By Siddharth Sabron, June 14, 2025

Mcleodganj

Image Link

This article presents a comprehensive design document for a high-performance Java logging library, based on deep research and proven architectural patterns.

The development of an ultra-fast, high-throughput, low-dependency logging library for Java applications, particularly for Spring environments, necessitates a rigorous architectural approach. The core value proposition of such a library lies in its ability to minimize performance overhead on application threads while ensuring comprehensive log capture, request tracing, and visualization-friendly JSON output. This objective is achieved through fundamental principles such as asynchronous processing, meticulous zero-allocation strategies, and intelligent concurrency management. The design emphasizes leveraging core Java constructs where possible, while pragmatically acknowledging the irreplaceable role of battle-tested components like the LMAX Disruptor for achieving truly “ultra-fast” performance characteristics. The success of this endeavor hinges on a deep understanding of JVM optimization, concurrent programming paradigms, and rigorous benchmarking.

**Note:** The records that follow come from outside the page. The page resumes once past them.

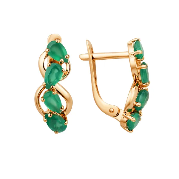 Серьги из красного золота с зелеными агатами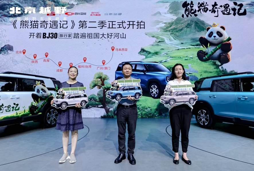 现场,北汽集团董事长张建勇、北京电视台总编辑徐滔与四川广播电视台总编辑王红芯共同官宣《熊猫奇遇记》第二季开机。 去年,北汽集团携手北京卫视、四川卫视,打造了大熊猫文化纪实节目《熊猫奇遇记》第一季,BJ40 以独家探险陪伴官身份全程护航。如今,三方再度携手开启《熊猫奇遇记》第二季,BJ30 旅行家将全程参与节目拍摄录制。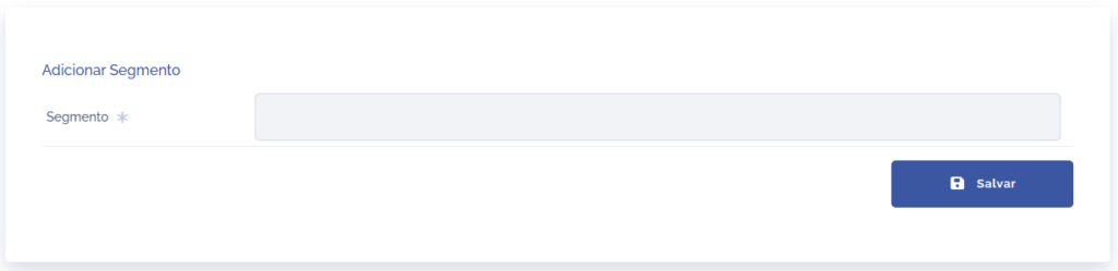 O bloco Segmentos será exibido, podendo adicionar um novo segmento no sistema, clicando no botão Adicionar segmento.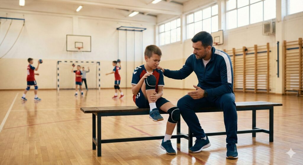 小学校高学年〜中学生くらいの、身長がぐんぐん伸びる時期に多く、サッカー・バスケ・バレーのようにジャンプやダッシュが多い競技でよく見られます。ハンドボールもまさにそのひとつです。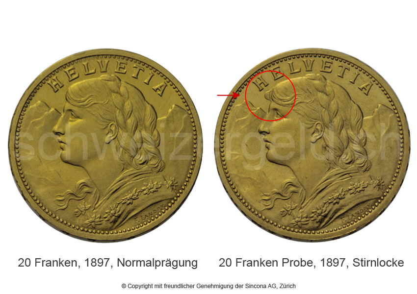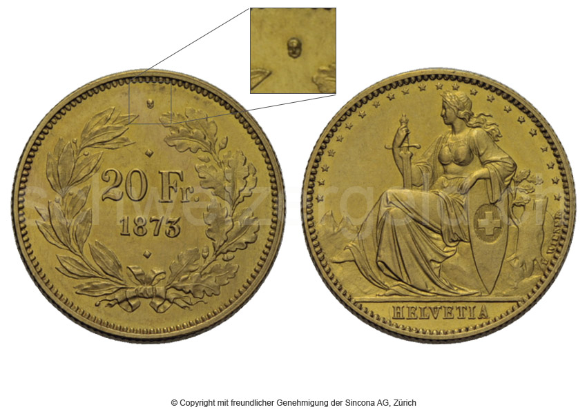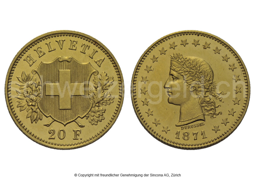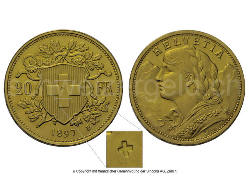 Motiv: Helvetiakopf (Vreneli) gleichstehend

1. Core Design & Foundation: High Level Architecture

The pursuit of an “ultra-fast” logging library begins with foundational architectural principles that dictate how log events are handled from their inception to their persistence. These principles are designed to ensure minimal impact on the application’s critical path and maximize logging throughput.

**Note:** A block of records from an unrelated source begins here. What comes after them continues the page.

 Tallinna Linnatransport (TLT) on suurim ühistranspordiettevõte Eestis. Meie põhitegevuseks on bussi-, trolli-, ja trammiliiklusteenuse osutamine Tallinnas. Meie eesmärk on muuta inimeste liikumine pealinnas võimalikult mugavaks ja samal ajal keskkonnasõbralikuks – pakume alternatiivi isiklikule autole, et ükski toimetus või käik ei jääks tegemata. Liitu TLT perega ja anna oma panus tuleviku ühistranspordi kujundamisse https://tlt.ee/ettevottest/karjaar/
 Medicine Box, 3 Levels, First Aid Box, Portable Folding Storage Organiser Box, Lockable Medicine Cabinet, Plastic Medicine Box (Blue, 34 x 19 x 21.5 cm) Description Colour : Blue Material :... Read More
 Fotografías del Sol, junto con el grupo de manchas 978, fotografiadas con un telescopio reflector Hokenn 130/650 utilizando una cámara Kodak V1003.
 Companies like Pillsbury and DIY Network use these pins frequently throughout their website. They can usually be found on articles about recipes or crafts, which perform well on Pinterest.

Asynchronous Processing: Decoupling for Minimal Caller Impact

A cornerstone for achieving “ultra-fast” performance is the immediate decoupling of logging events from the caller thread. This means that the application thread, upon initiating a log request, should relinquish control as quickly as possible, allowing the core business logic to proceed without delay. This asynchronous approach is widely recognized as a technique to significantly improve application logging performance by offloading all I/O operations to separate threads. For instance, Log4j 2’s asynchronous loggers are specifically designed to return control to the application with minimal delay.

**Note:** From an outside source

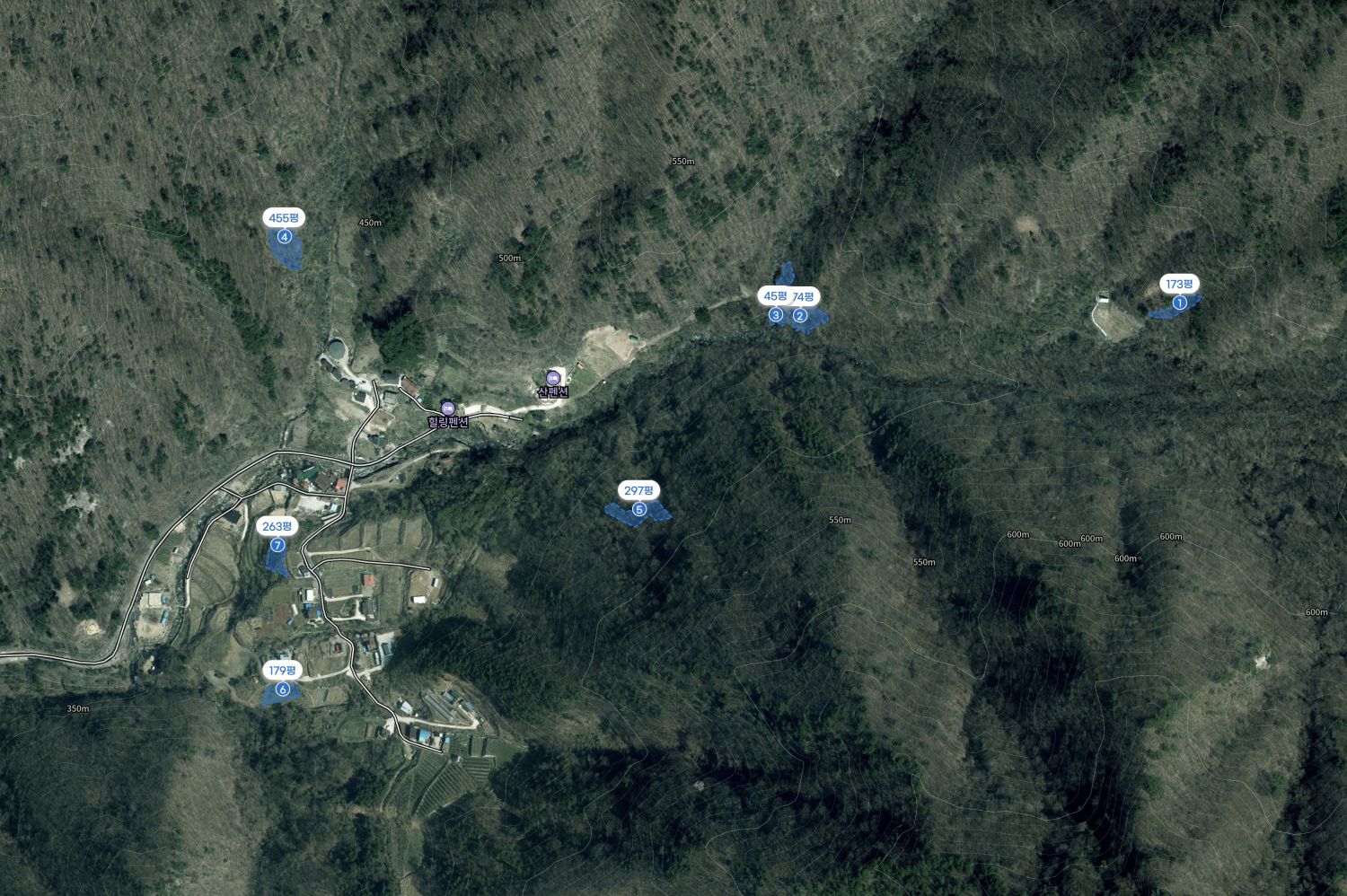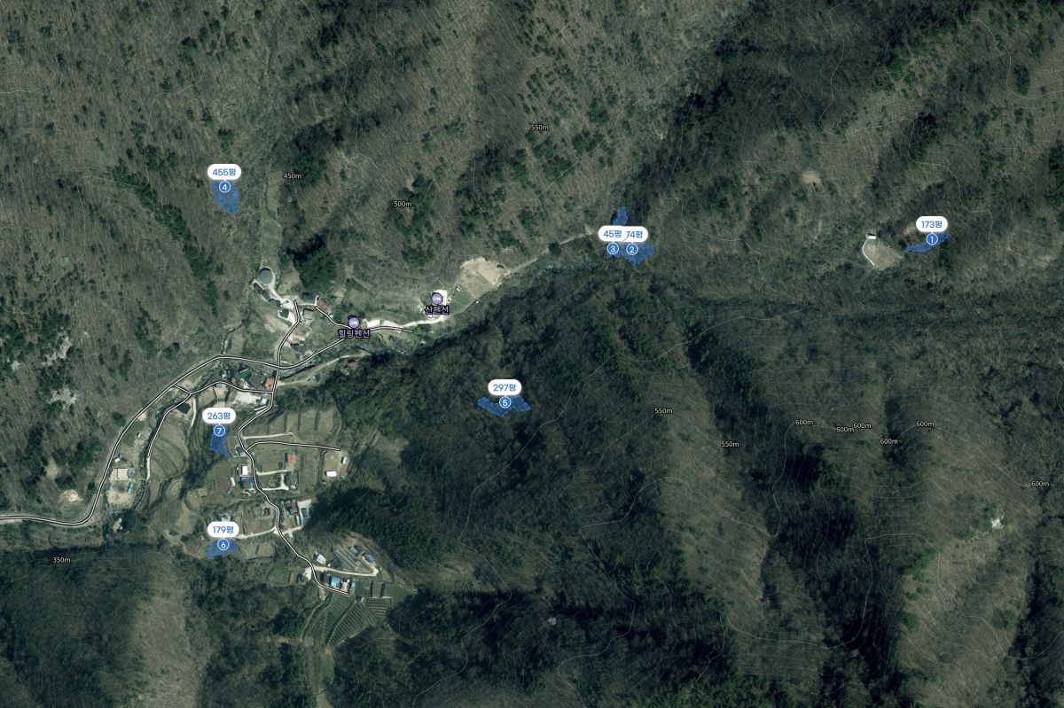 ์ฅ์๋ ๋ง์ ์ผ๋์ ์ด 7ํ์ง, 6,235ใก(์ฝ 1,886ํ)๊ฐ ์ฐ์ฌ๋ ํ ์ง ๋งค๋ฌผ์
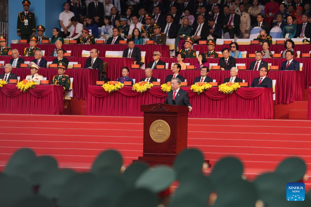 Vietnamese leaders, including General Secretary of the Communist Party of Vietnam Central Committee To Lam, President Luong Cuong, Prime Minister Pham Minh Chinh and Chairman of the National Assembly Tran Thanh Man, attended the event along with representatives from various sectors. (Xinhua/Hu Jiali)

The underlying reason for this design choice is rooted in the nature of I/O operations. Synchronous I/O, whether to disk or network, inherently blocks the executing thread until the operation completes. If logging were synchronous, the application’s responsiveness and overall throughput would be directly constrained by the speed of log persistence. By immediately handing off the log event to a dedicated queue and returning control, the application thread is shielded from these I/O latencies, thereby maintaining high responsiveness and throughput for its primary functions. This fundamental decoupling is a direct driver for achieving minimal overhead on the main application threads.

Batching: Amortizing I/O Costs for High Throughput

To further optimize I/O operations, log events should be processed and written in batches. The cost associated with initiating an I/O operation (e.g., a system call for a file write or a network packet transmission) often has a fixed overhead, regardless of the amount of data being transferred (up to a certain point). By accumulating multiple log events into a single, larger batch before writing, this fixed overhead is amortized over numerous log entries. This significantly reduces the number of I/O calls, leading to a substantial increase in overall logging throughput.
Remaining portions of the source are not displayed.